#### TASK:
Using the material below, print a verbatim copy of every line from the one containing "ポップな黄色に襟と袖の刺繍が" through the one containing "Radiant Brilliant 4.03ct, E, VVS2", inclusive, and omit the pictures.

#### EXERCISE MATERIAL:
BEGIN

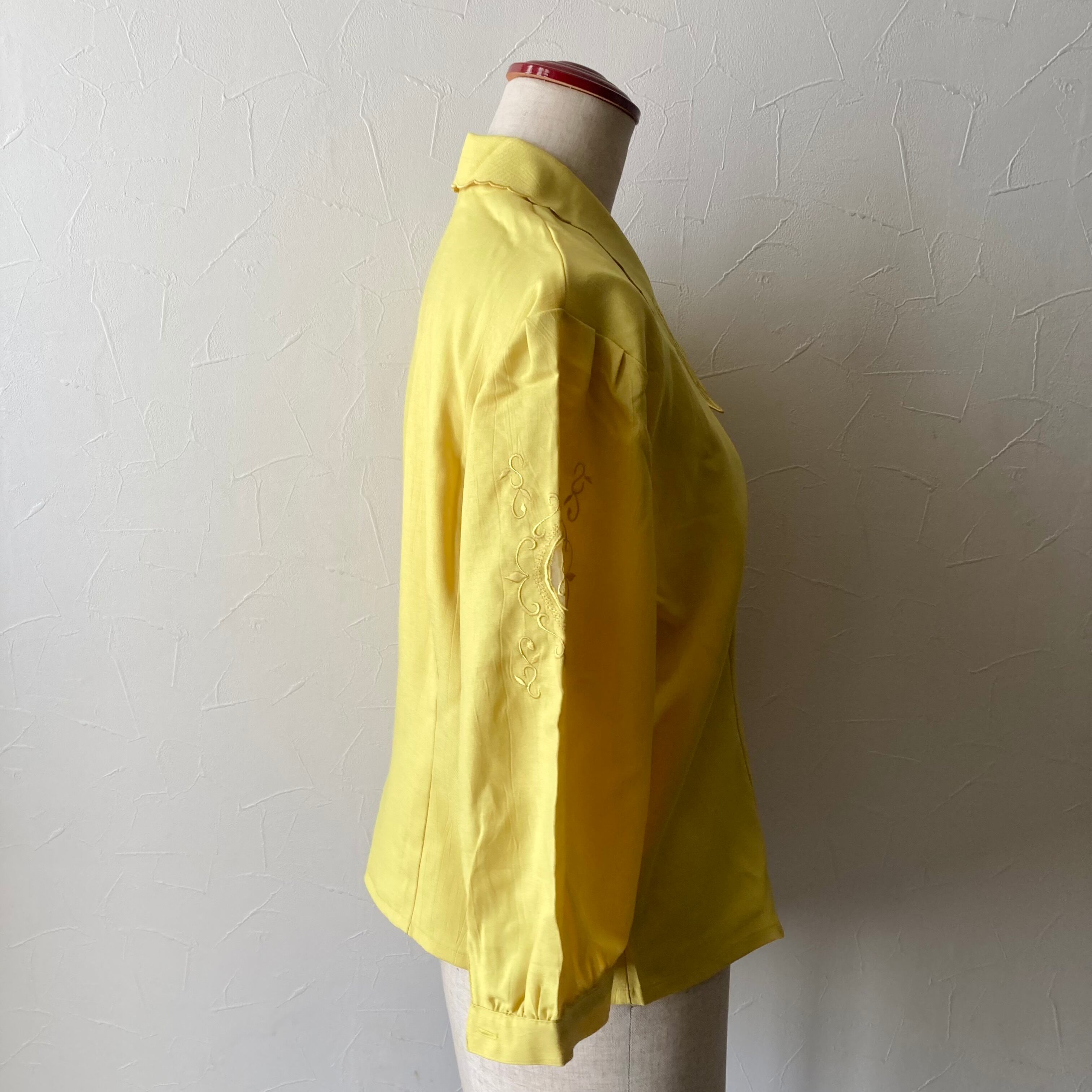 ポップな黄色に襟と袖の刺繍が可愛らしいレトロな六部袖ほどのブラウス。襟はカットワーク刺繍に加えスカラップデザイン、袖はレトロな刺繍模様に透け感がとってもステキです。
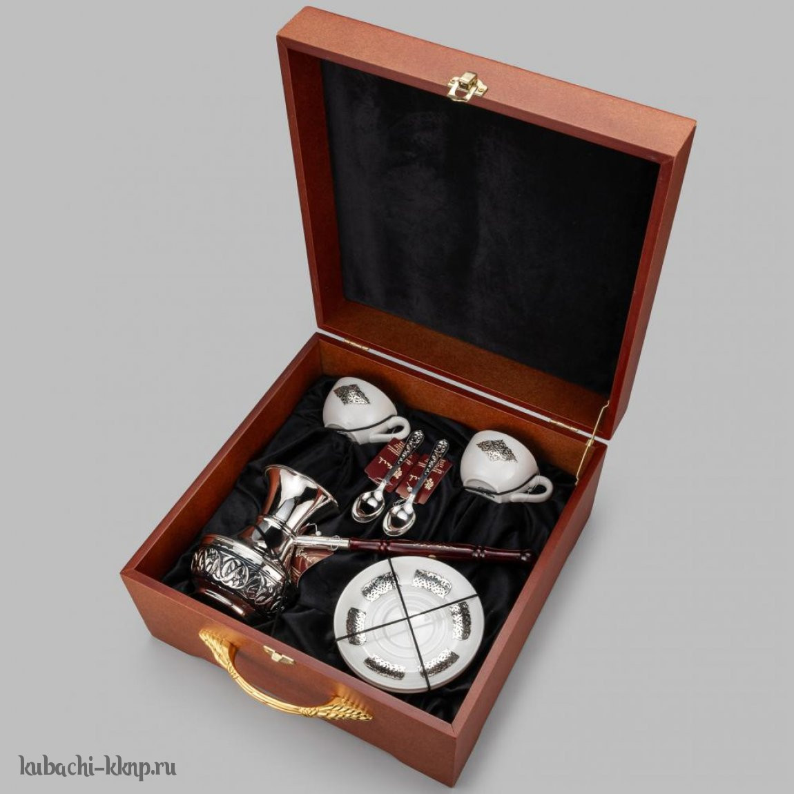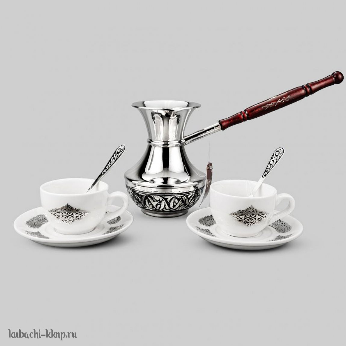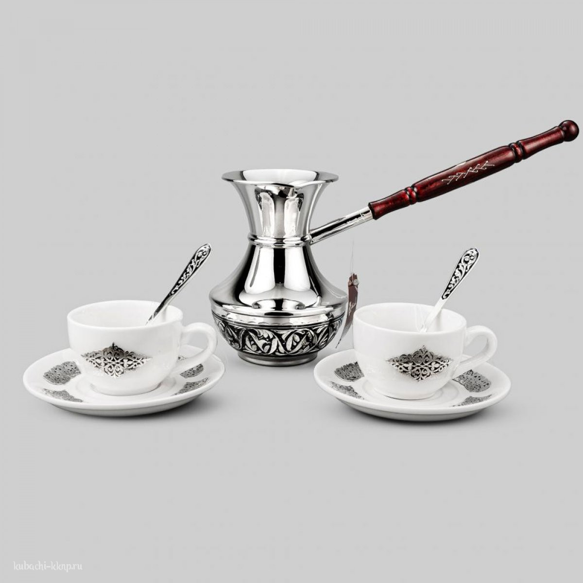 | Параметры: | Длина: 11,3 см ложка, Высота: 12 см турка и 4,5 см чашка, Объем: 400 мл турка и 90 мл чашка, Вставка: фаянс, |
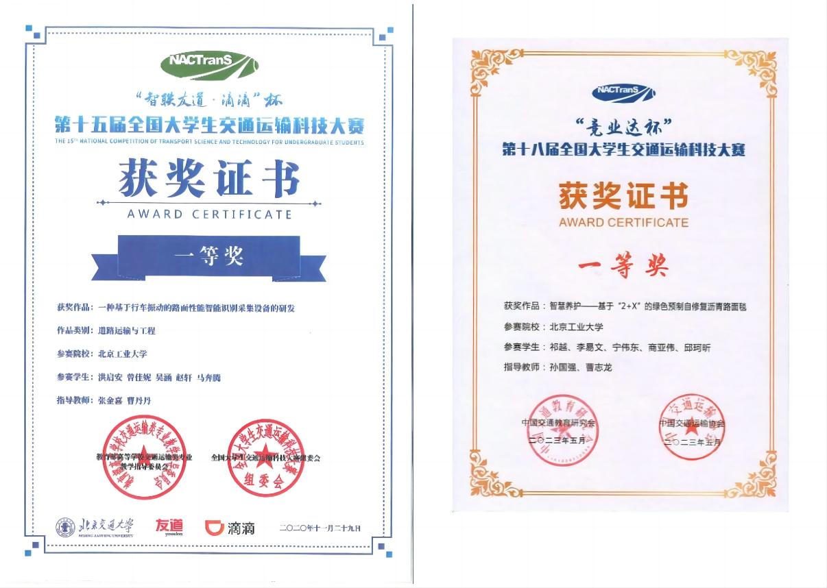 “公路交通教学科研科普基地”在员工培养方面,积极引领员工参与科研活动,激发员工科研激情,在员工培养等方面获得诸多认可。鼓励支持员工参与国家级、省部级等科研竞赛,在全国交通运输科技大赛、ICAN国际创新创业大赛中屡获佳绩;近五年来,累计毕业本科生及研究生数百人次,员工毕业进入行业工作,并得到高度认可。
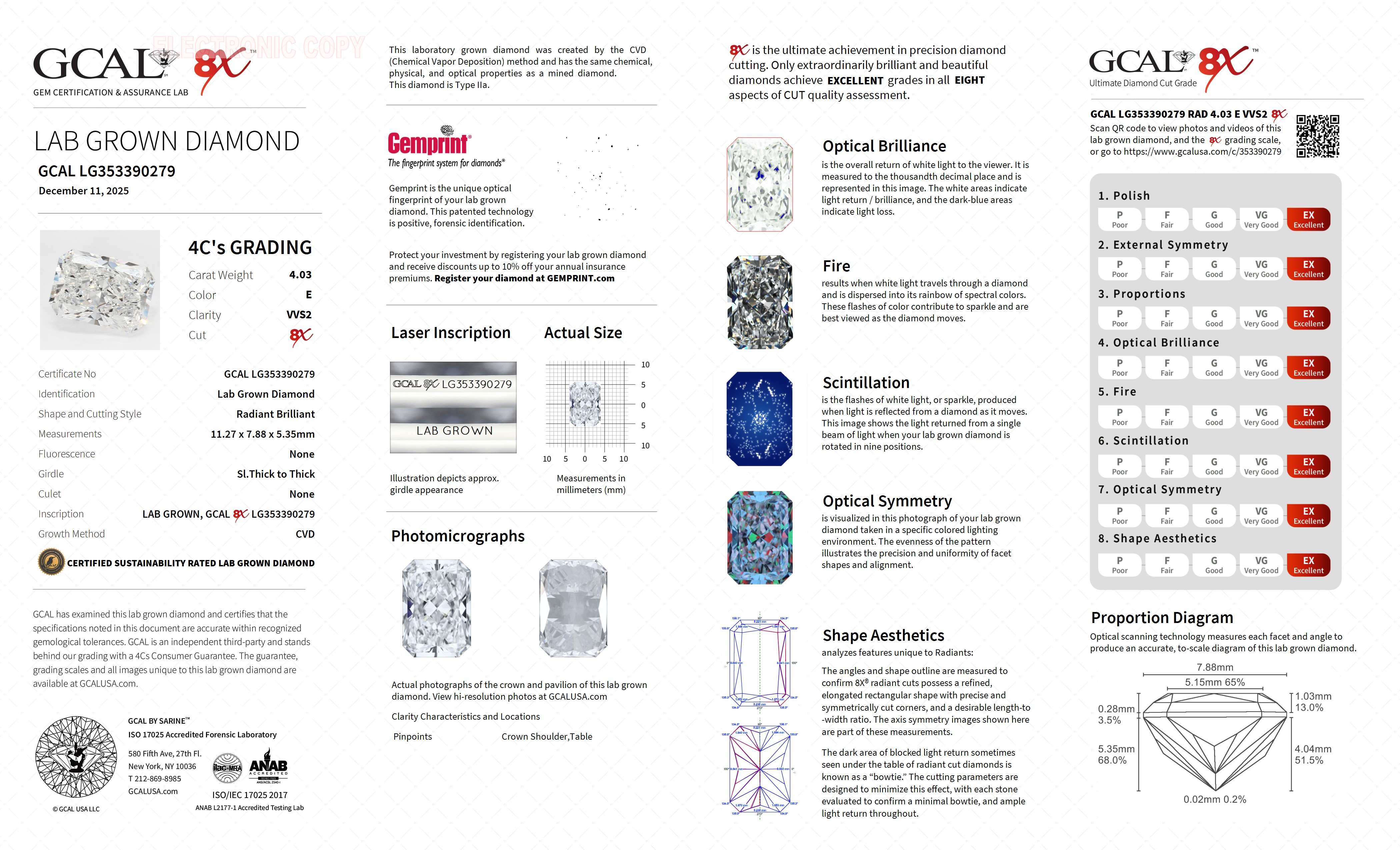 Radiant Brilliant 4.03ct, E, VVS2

END
BEGIN

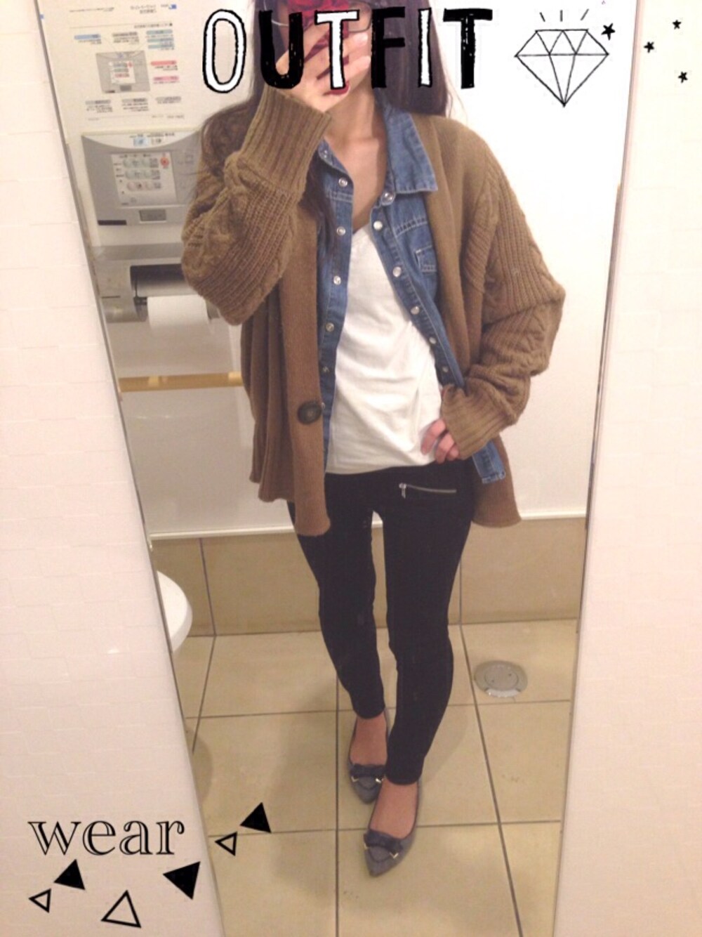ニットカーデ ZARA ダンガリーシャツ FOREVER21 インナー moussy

END

#### RESPONSE TO THE TASK:
 ポップな黄色に襟と袖の刺繍が可愛らしいレトロな六部袖ほどのブラウス。襟はカットワーク刺繍に加えスカラップデザイン、袖はレトロな刺繍模様に透け感がとってもステキです。
 | Параметры: | Длина: 11,3 см ложка, Высота: 12 см турка и 4,5 см чашка, Объем: 400 мл турка и 90 мл чашка, Вставка: фаянс, |
 “公路交通教学科研科普基地”在员工培养方面,积极引领员工参与科研活动,激发员工科研激情,在员工培养等方面获得诸多认可。鼓励支持员工参与国家级、省部级等科研竞赛,在全国交通运输科技大赛、ICAN国际创新创业大赛中屡获佳绩;近五年来,累计毕业本科生及研究生数百人次,员工毕业进入行业工作,并得到高度认可。
 Radiant Brilliant 4.03ct, E, VVS2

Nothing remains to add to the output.